WORK TO BE COMPLETED:
Beneath this line sits some data. Return only its lines from the one holding "Tamaño: Los dientes" through the one holding "2007年至今,中国煤炭消费", inclusive, exactly, with the images removed.

SUPPLIED RECORDS:

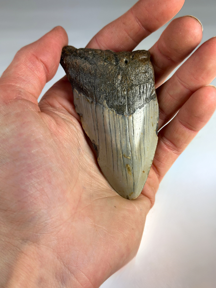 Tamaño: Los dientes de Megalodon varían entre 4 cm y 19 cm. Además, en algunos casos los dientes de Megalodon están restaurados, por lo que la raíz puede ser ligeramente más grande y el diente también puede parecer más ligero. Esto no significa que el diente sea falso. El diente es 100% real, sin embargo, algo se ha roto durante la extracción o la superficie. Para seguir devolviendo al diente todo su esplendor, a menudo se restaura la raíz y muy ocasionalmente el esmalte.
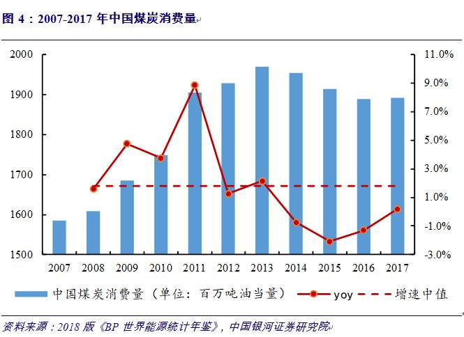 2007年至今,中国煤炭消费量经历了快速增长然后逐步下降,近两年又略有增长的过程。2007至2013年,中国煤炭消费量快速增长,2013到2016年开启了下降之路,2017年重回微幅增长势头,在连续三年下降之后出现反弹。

* * *

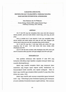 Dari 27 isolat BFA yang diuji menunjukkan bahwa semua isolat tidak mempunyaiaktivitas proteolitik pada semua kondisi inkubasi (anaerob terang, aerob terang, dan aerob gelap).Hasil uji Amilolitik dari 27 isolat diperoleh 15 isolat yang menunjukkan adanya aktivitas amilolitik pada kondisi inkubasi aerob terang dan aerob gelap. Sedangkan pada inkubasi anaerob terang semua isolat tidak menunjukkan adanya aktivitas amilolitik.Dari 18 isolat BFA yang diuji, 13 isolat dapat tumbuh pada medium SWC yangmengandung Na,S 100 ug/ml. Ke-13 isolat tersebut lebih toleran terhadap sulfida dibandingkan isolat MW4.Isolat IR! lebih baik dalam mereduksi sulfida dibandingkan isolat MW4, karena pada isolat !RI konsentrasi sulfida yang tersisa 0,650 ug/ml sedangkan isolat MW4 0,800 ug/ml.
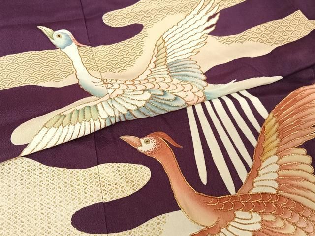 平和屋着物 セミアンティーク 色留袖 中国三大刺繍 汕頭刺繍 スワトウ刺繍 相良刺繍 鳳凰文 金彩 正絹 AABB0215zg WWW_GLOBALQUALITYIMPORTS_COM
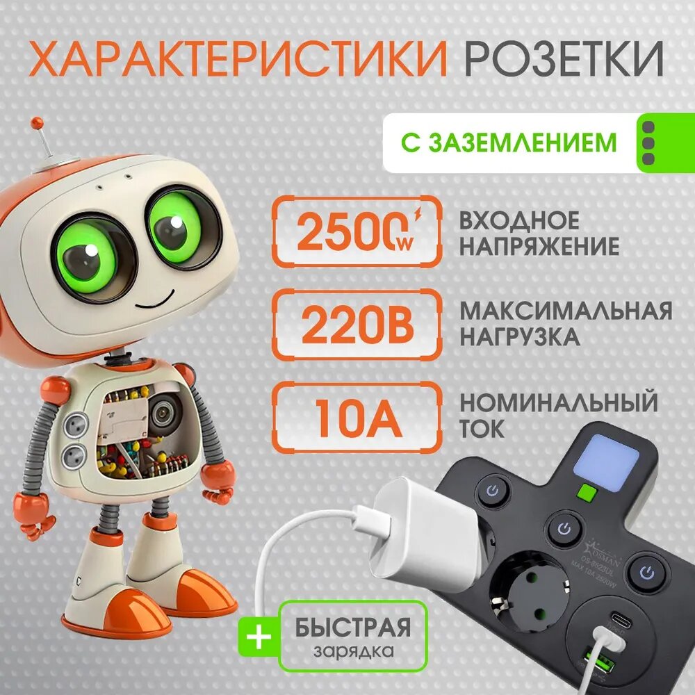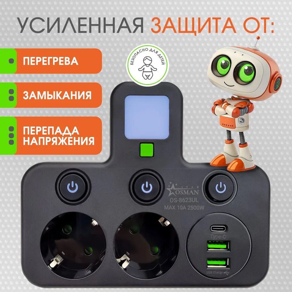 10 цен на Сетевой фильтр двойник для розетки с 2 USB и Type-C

RESPONSE TO THIS EXERCISE:
 Tamaño: Los dientes de Megalodon varían entre 4 cm y 19 cm. Además, en algunos casos los dientes de Megalodon están restaurados, por lo que la raíz puede ser ligeramente más grande y el diente también puede parecer más ligero. Esto no significa que el diente sea falso. El diente es 100% real, sin embargo, algo se ha roto durante la extracción o la superficie. Para seguir devolviendo al diente todo su esplendor, a menudo se restaura la raíz y muy ocasionalmente el esmalte.
 2007年至今,中国煤炭消费量经历了快速增长然后逐步下降,近两年又略有增长的过程。2007至2013年,中国煤炭消费量快速增长,2013到2016年开启了下降之路,2017年重回微幅增长势头,在连续三年下降之后出现反弹。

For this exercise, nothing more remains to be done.